The White Cloud Mountain minnow is a happy omnivore. It will readily eat flaked or pelletized tropical fish food. If you have live vegetation in the aquarium, they will nibble on the leaves.

To keep your White Cloud Minnows from turning off on a particular food, try occasionally alternating with these foods:

  • Live or freeze-dried brine shrimp
  • Live or freeze-dried blood worms
  • Shredded, finely chopped vegetables such as squash or zucchini
  • Chopped earthworms

Because of their shy nature, they may not compete for food with mid or lower tank mates. Feeding two small meals a day is a good schedule that will also help them stay entertained.
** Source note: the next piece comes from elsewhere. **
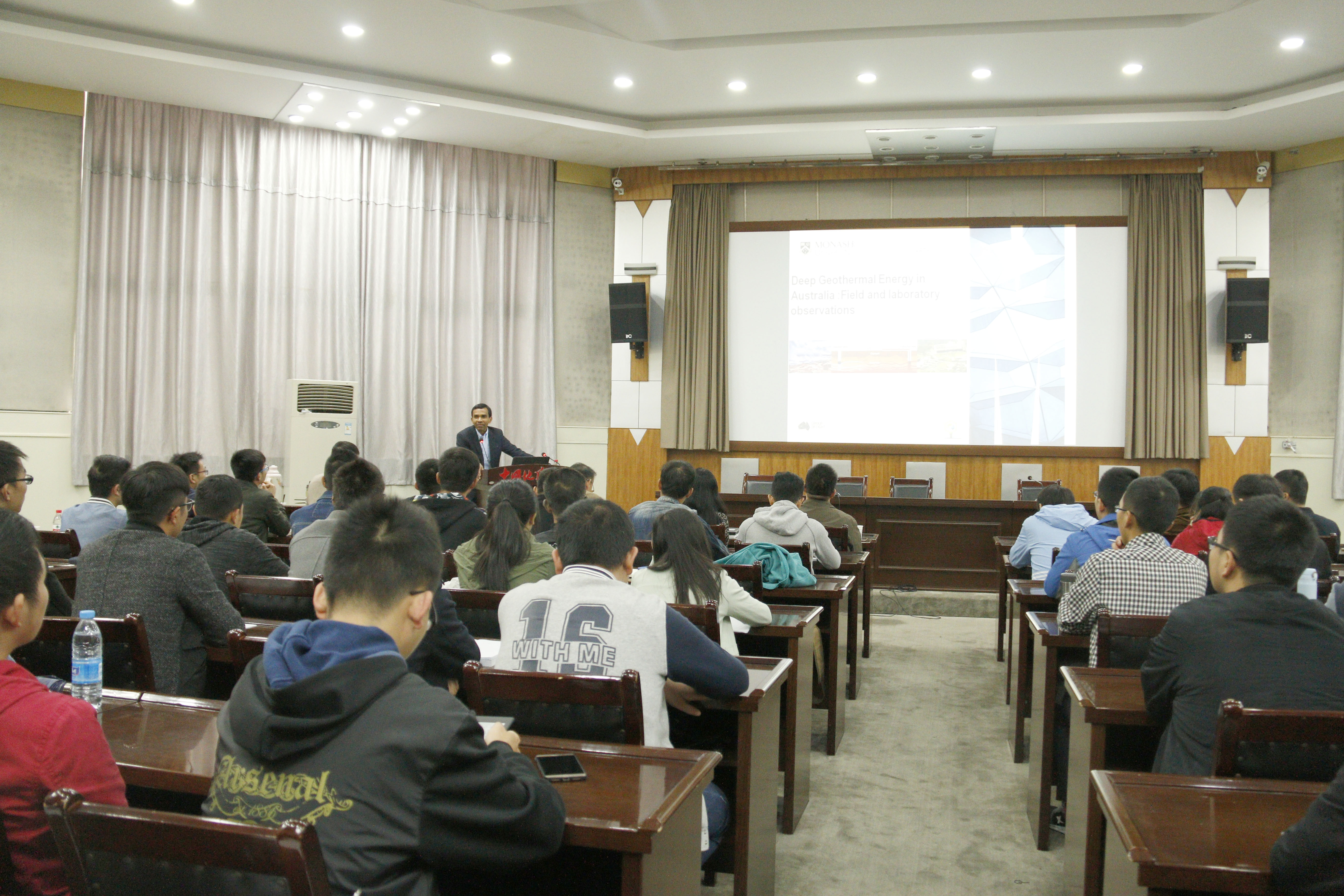 10月17日下午,澳大利亚莫纳什大学深部地球能源实验室主任Ranjith Pathegama Gamage教授来校作了主题为“Enhanced Geothermal Energy prospects in Australia: Field and laboratory observations”的学术报告。十大买球官方网站院长焦玉勇教授主持了报告会,学院200余名师生聆听了报告。

Keep their diet varied, and you will continue to have happy and lively White Cloud Minnows.

Summary

  • White Cloud Minnows are an easy-care species ideal for new fish keepers.
  • The species is rare in its native habitat but is widely available through commercial and hobbyist breeding.
  • The species grows to 1.5 inches and will live for 5 to 7 years.
  • There are several color variations, but all are the same species and can breed together.
  • White Cloud Minnow live in cooler water, 61° to 72°F (18 to 22°C), and are tolerant of a wide range of water pH and hardness.
  • Ideal aquariums can be as small as a 2-gallon desktop. Traditional starter 10-gallon tanks will hold a few dozen White Cloud Minnows.
  • Adding vegetation to the aquarium is essential to White Cloud Minnow’s health and reproduction.
  • They do well in sole and mixed-species aquariums.
  • Ideal White Cloud Minnow tank mates are small, cool-water species that are peaceful in nature.
  • White Cloud Minnows will readily breed in captivity. The fish keeper needs no encouragement.
  • Their fry will grow to near full size in approximately three weeks.
  • White Cloud Minnow are omnivores. They will readily feed on flaked, pelletized, or live foods.

White Cloud Minnows are hard to beat for simplicity, beauty, and enhancement of cool water fish displays. Add this rewarding species to your aquarium.